*What is expected:* Below are the records; give again exactly the lines from the one containing "Tribes must slide" through the one containing "Ein Hochkant-Panoramabild aus", leaving out pictures.

*Source data:*
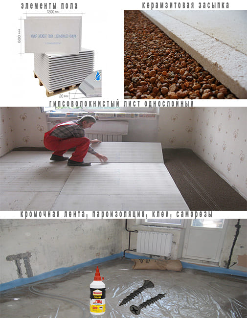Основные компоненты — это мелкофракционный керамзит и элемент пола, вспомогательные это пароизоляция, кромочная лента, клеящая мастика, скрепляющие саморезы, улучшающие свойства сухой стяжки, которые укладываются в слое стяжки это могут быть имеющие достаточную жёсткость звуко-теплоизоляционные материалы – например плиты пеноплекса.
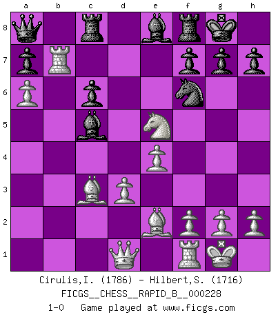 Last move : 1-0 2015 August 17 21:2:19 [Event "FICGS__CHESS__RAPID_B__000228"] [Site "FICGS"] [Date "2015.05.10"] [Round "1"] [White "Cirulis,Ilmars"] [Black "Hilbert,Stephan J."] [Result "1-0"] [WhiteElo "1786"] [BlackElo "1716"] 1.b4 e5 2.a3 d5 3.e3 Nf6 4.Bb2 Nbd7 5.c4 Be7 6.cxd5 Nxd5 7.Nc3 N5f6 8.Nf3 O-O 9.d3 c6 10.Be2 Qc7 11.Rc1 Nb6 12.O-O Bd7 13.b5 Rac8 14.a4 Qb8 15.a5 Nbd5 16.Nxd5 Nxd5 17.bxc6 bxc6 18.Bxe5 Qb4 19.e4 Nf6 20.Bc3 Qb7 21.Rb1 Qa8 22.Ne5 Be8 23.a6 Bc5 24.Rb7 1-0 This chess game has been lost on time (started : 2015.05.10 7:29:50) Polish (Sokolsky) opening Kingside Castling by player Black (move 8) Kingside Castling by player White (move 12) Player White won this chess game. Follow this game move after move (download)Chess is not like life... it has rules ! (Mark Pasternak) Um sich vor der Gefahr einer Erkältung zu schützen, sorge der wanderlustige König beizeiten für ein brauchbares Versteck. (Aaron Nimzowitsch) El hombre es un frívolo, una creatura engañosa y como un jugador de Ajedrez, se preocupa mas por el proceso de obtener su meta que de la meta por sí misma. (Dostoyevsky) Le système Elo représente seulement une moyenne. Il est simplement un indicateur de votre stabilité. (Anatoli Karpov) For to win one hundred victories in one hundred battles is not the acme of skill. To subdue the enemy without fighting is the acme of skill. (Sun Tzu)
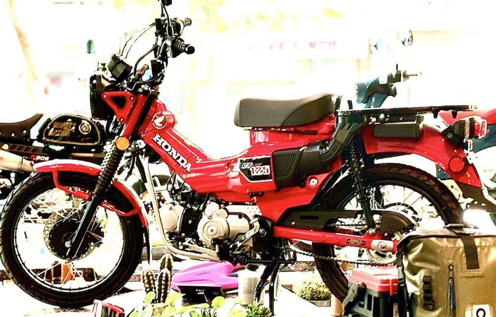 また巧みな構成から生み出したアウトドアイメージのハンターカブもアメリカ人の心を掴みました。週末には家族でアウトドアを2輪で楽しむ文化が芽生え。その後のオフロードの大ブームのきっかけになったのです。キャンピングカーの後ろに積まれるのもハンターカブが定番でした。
---
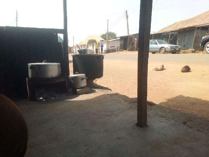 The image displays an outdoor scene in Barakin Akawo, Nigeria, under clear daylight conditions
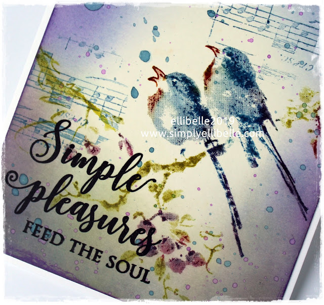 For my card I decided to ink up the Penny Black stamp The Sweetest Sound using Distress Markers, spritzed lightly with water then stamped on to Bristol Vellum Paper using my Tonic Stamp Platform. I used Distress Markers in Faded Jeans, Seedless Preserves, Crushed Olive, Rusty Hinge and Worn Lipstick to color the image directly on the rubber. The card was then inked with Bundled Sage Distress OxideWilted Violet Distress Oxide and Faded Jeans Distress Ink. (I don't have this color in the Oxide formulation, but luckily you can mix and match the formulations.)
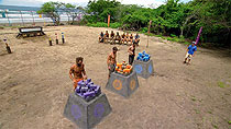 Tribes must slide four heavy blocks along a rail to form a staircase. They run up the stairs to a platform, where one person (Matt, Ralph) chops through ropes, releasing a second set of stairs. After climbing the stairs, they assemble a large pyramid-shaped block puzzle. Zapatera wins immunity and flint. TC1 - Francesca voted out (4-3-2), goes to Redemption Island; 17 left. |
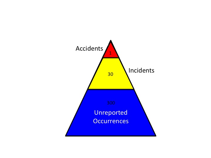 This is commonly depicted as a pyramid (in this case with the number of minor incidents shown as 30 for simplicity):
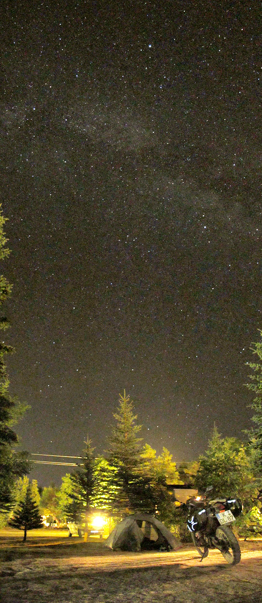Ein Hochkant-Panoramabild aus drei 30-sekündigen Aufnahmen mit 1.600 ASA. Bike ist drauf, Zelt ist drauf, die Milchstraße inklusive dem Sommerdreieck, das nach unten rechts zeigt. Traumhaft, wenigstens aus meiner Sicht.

*Task answer:*
 Tribes must slide four heavy blocks along a rail to form a staircase. They run up the stairs to a platform, where one person (Matt, Ralph) chops through ropes, releasing a second set of stairs. After climbing the stairs, they assemble a large pyramid-shaped block puzzle. Zapatera wins immunity and flint. TC1 - Francesca voted out (4-3-2), goes to Redemption Island; 17 left. |
 This is commonly depicted as a pyramid (in this case with the number of minor incidents shown as 30 for simplicity):
Ein Hochkant-Panoramabild aus drei 30-sekündigen Aufnahmen mit 1.600 ASA. Bike ist drauf, Zelt ist drauf, die Milchstraße inklusive dem Sommerdreieck, das nach unten rechts zeigt. Traumhaft, wenigstens aus meiner Sicht.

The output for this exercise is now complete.